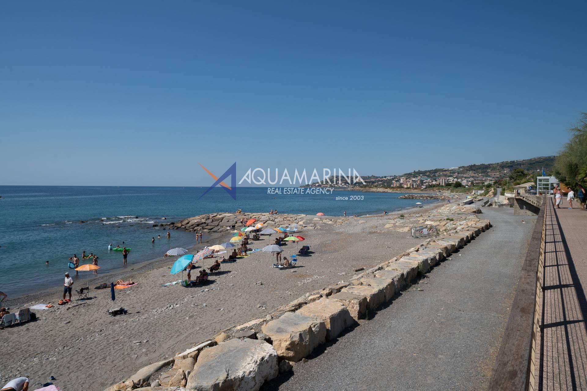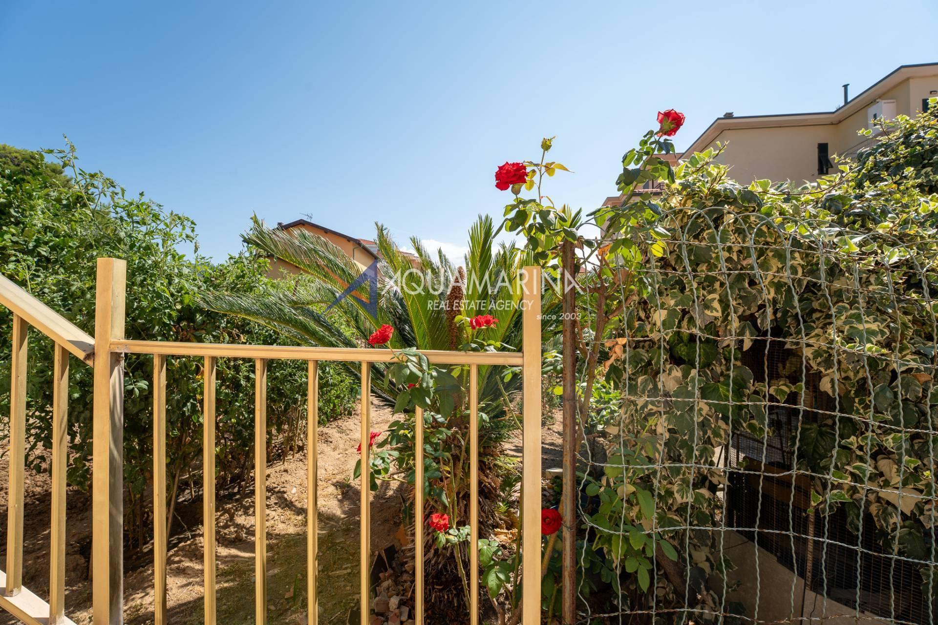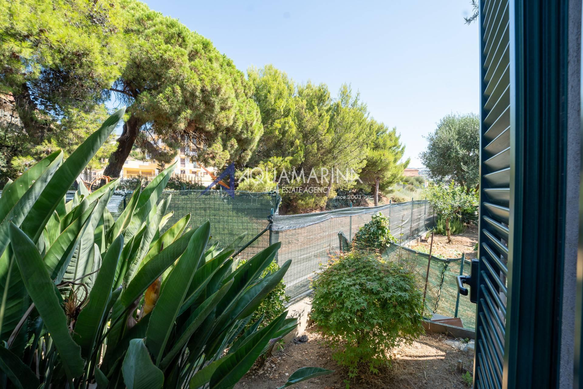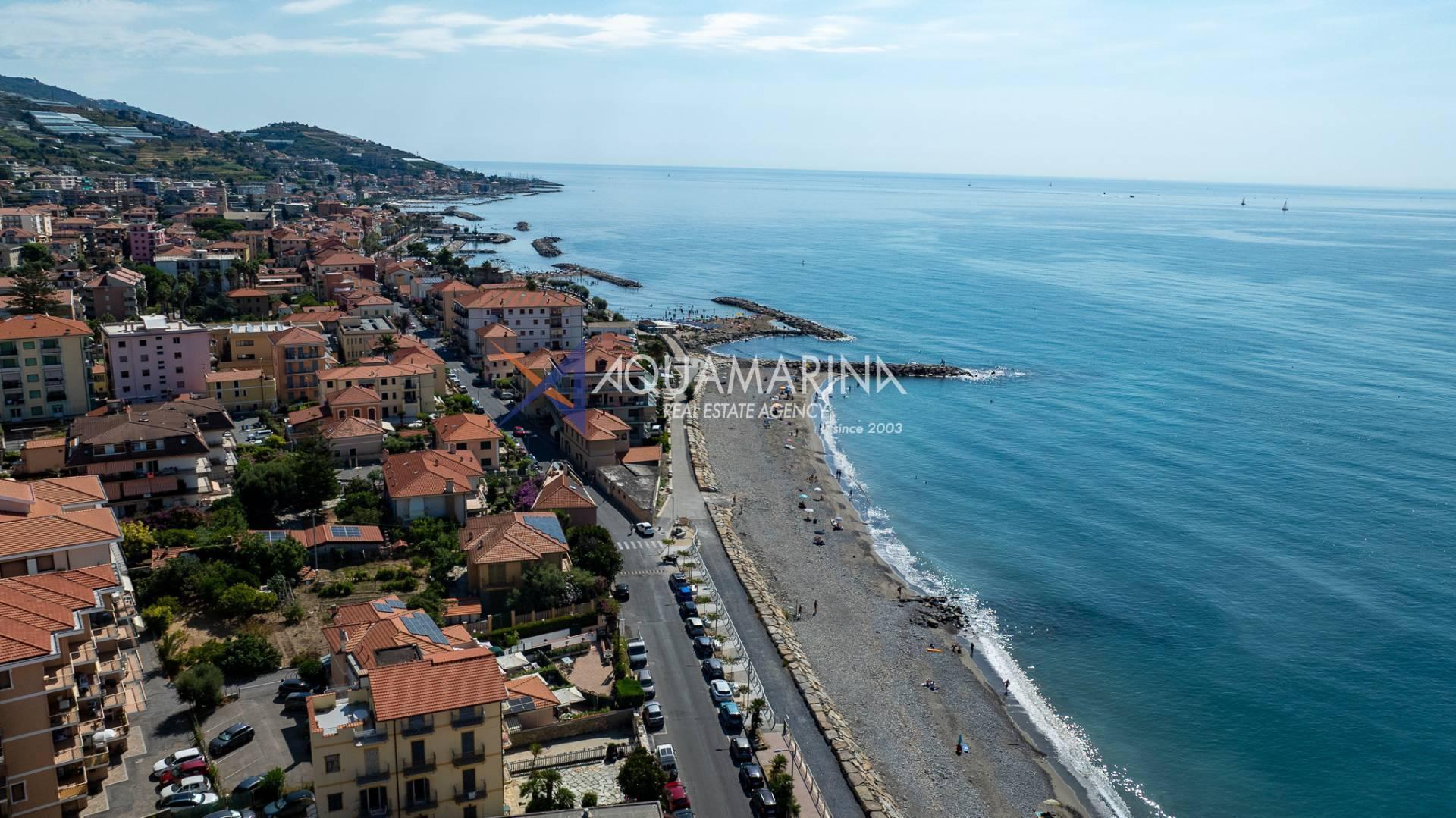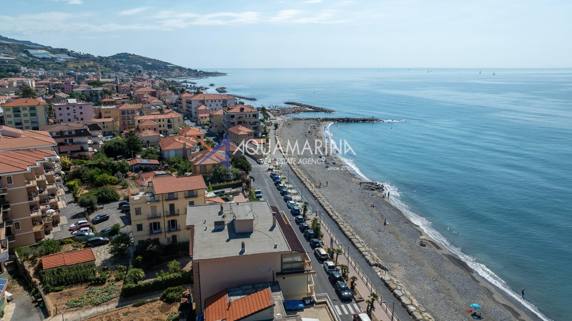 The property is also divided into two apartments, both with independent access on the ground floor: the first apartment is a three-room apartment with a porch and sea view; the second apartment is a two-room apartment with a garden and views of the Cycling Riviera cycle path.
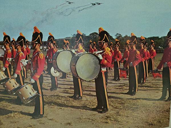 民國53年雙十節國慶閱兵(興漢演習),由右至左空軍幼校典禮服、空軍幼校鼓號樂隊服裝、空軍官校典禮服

...

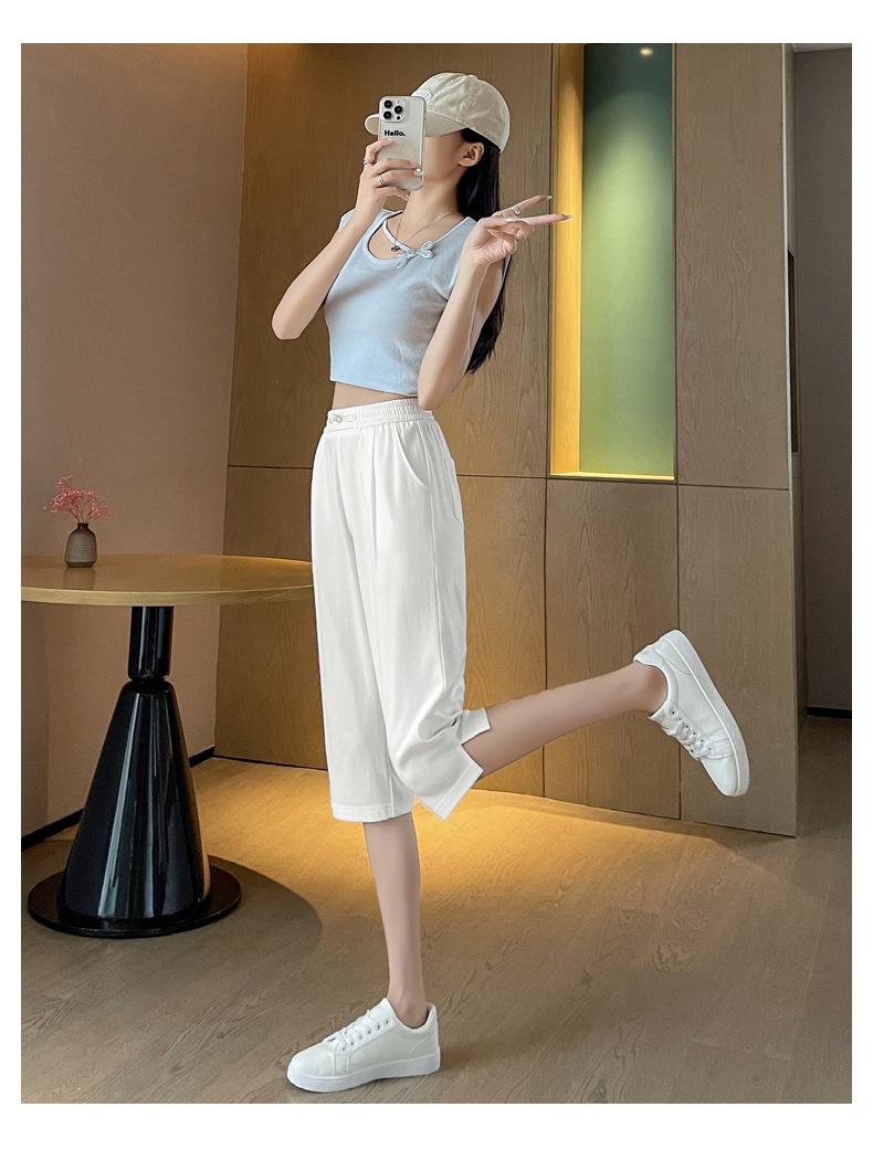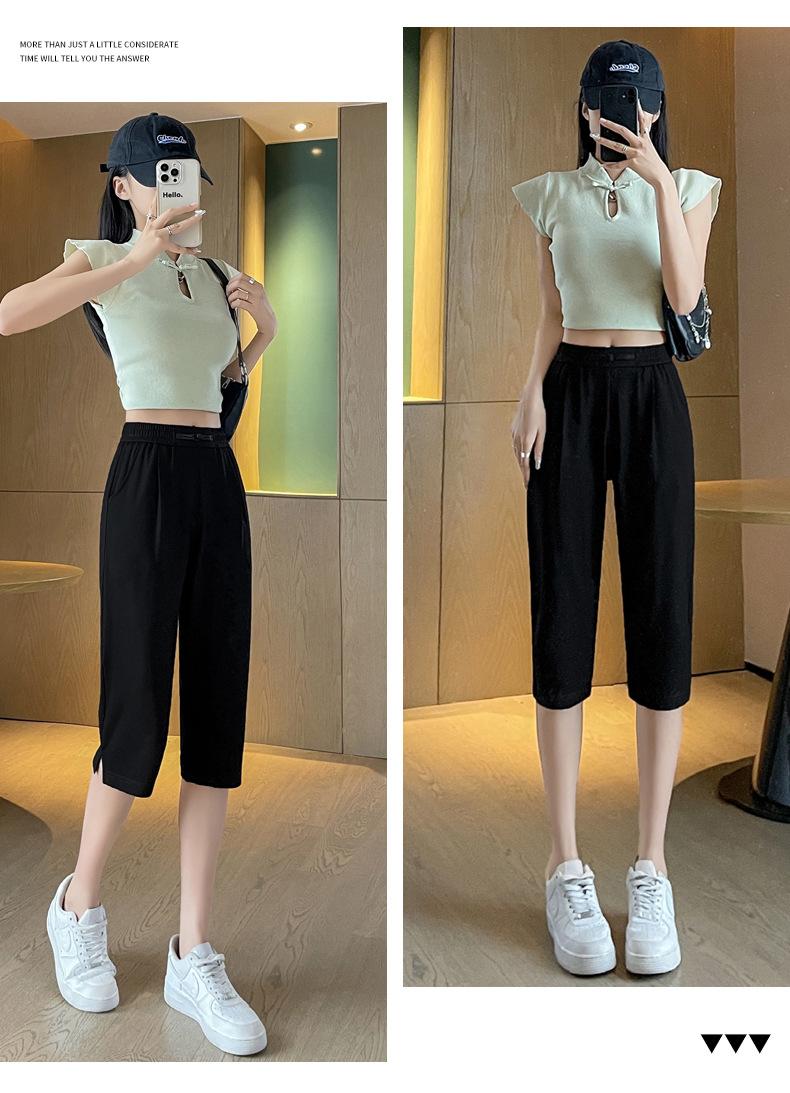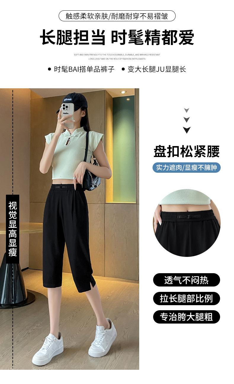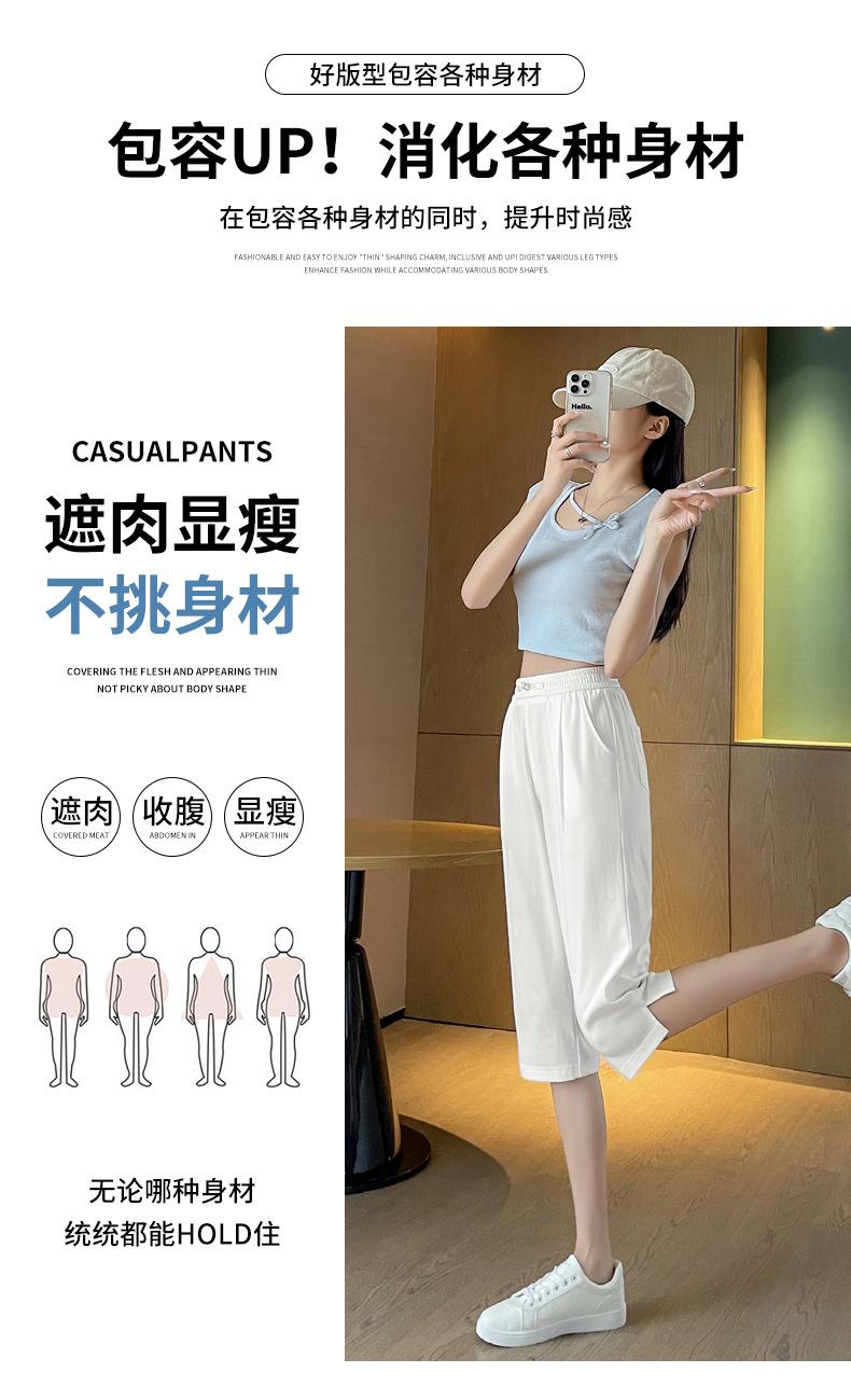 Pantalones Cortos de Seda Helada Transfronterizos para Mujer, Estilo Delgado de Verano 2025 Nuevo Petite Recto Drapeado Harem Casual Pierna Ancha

...

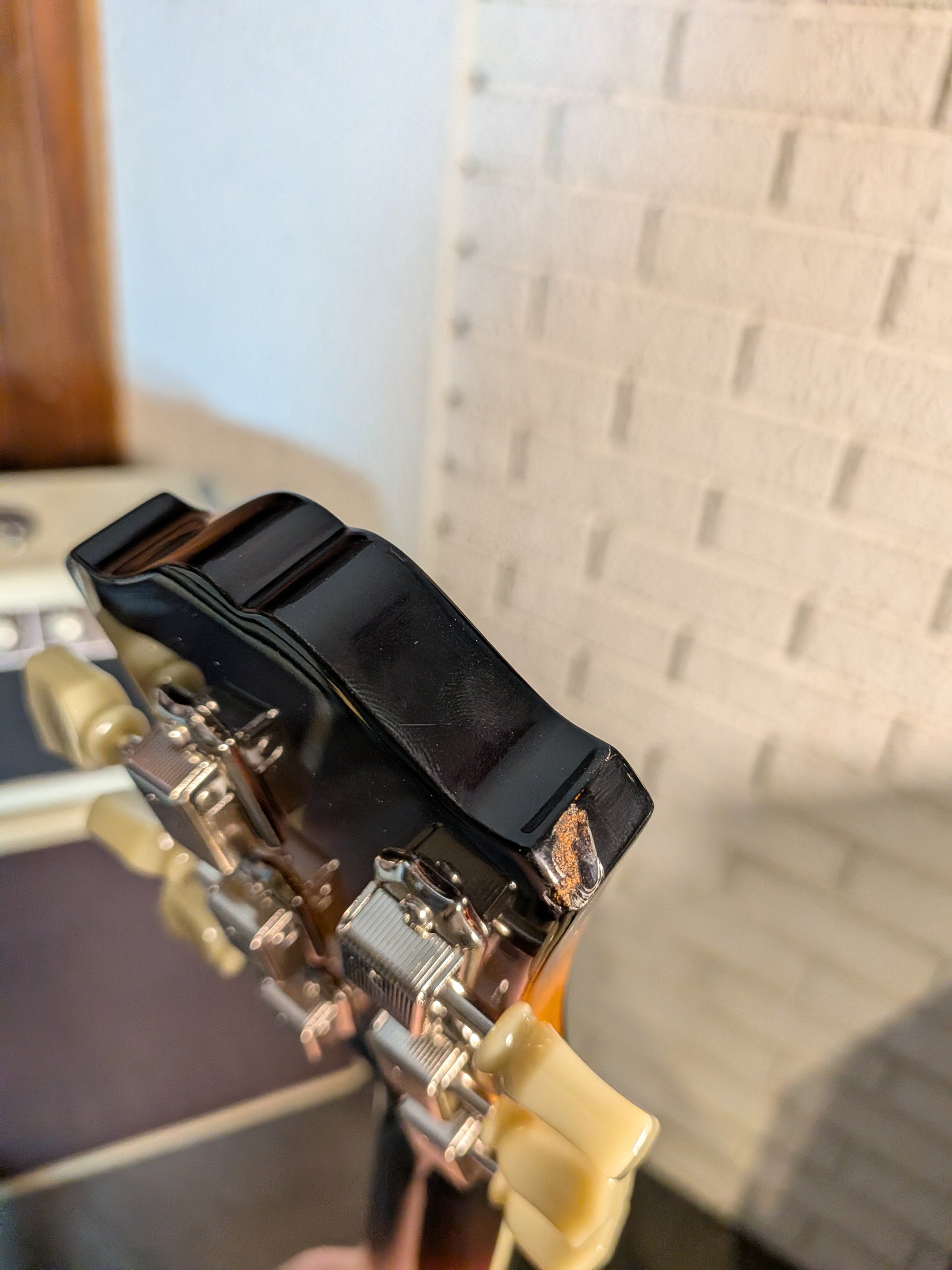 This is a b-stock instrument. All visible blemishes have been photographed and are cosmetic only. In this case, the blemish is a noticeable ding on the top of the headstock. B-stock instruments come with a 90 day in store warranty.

_Work order_. Retype the lines above exactly as they appear, from the line containing "The property is" through the line containing "民國53年雙十節國慶閱兵(興", and leave out any pictures.

_Exercise answer_.
 The property is also divided into two apartments, both with independent access on the ground floor: the first apartment is a three-room apartment with a porch and sea view; the second apartment is a two-room apartment with a garden and views of the Cycling Riviera cycle path.
 民國53年雙十節國慶閱兵(興漢演習),由右至左空軍幼校典禮服、空軍幼校鼓號樂隊服裝、空軍官校典禮服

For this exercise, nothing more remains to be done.